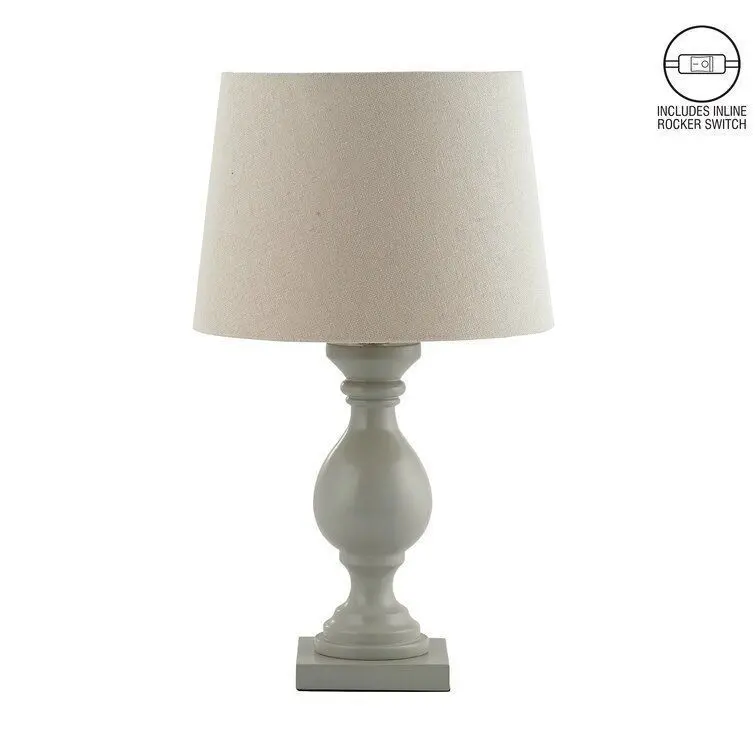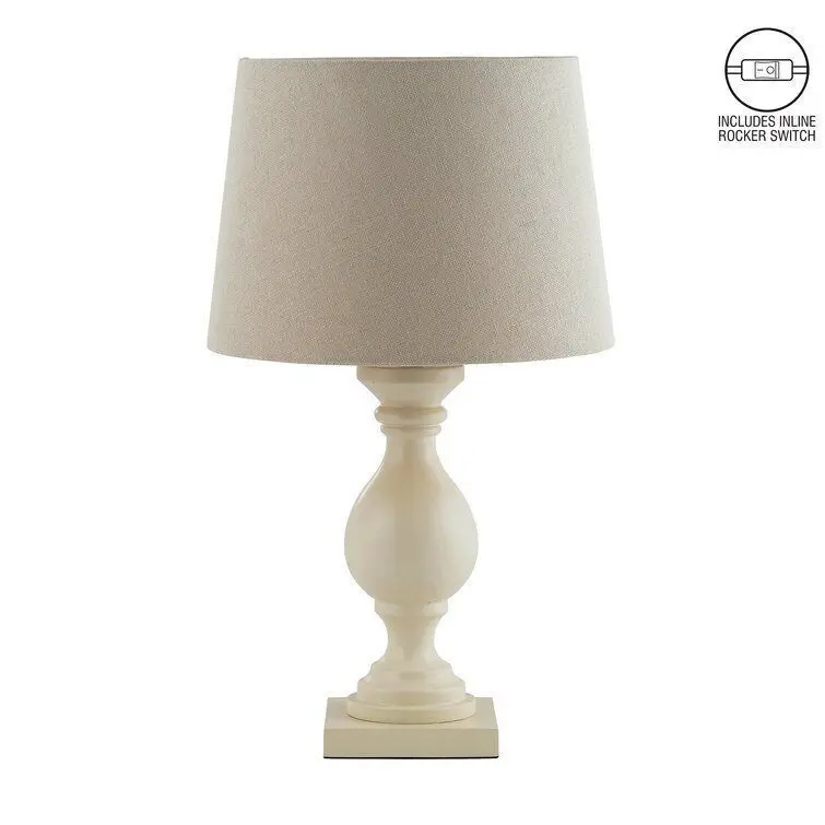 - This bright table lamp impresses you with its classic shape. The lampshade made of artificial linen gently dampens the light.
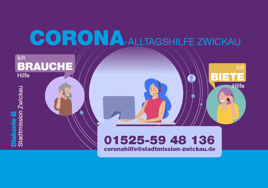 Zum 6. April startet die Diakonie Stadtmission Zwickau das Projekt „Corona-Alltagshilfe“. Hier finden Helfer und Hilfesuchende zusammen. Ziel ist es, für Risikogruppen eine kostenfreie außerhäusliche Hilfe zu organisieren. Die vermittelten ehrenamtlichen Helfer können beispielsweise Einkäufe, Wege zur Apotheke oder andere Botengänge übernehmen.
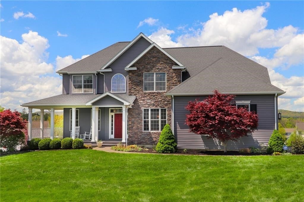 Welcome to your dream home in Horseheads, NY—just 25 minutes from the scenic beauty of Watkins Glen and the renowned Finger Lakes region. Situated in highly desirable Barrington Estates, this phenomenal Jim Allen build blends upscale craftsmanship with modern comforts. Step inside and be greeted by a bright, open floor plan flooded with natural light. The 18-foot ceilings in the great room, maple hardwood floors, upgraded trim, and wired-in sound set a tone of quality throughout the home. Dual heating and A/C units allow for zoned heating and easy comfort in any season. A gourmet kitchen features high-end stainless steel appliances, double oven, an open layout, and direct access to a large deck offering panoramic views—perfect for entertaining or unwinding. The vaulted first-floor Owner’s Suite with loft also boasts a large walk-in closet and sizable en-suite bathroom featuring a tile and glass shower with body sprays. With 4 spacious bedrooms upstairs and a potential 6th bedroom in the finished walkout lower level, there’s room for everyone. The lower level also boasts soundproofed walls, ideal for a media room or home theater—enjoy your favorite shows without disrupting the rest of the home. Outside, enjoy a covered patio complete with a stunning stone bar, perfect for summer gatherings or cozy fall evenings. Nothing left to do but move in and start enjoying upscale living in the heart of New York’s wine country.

*REQUIRED ACTION*:
Everything from the line containing "Zum 6. April" to the final line of the listing above, both ends included, should be transcribed word for word, except for the pictures.

*EXERCISE RESULT*:
 Zum 6. April startet die Diakonie Stadtmission Zwickau das Projekt „Corona-Alltagshilfe“. Hier finden Helfer und Hilfesuchende zusammen. Ziel ist es, für Risikogruppen eine kostenfreie außerhäusliche Hilfe zu organisieren. Die vermittelten ehrenamtlichen Helfer können beispielsweise Einkäufe, Wege zur Apotheke oder andere Botengänge übernehmen.
 Welcome to your dream home in Horseheads, NY—just 25 minutes from the scenic beauty of Watkins Glen and the renowned Finger Lakes region. Situated in highly desirable Barrington Estates, this phenomenal Jim Allen build blends upscale craftsmanship with modern comforts. Step inside and be greeted by a bright, open floor plan flooded with natural light. The 18-foot ceilings in the great room, maple hardwood floors, upgraded trim, and wired-in sound set a tone of quality throughout the home. Dual heating and A/C units allow for zoned heating and easy comfort in any season. A gourmet kitchen features high-end stainless steel appliances, double oven, an open layout, and direct access to a large deck offering panoramic views—perfect for entertaining or unwinding. The vaulted first-floor Owner’s Suite with loft also boasts a large walk-in closet and sizable en-suite bathroom featuring a tile and glass shower with body sprays. With 4 spacious bedrooms upstairs and a potential 6th bedroom in the finished walkout lower level, there’s room for everyone. The lower level also boasts soundproofed walls, ideal for a media room or home theater—enjoy your favorite shows without disrupting the rest of the home. Outside, enjoy a covered patio complete with a stunning stone bar, perfect for summer gatherings or cozy fall evenings. Nothing left to do but move in and start enjoying upscale living in the heart of New York’s wine country.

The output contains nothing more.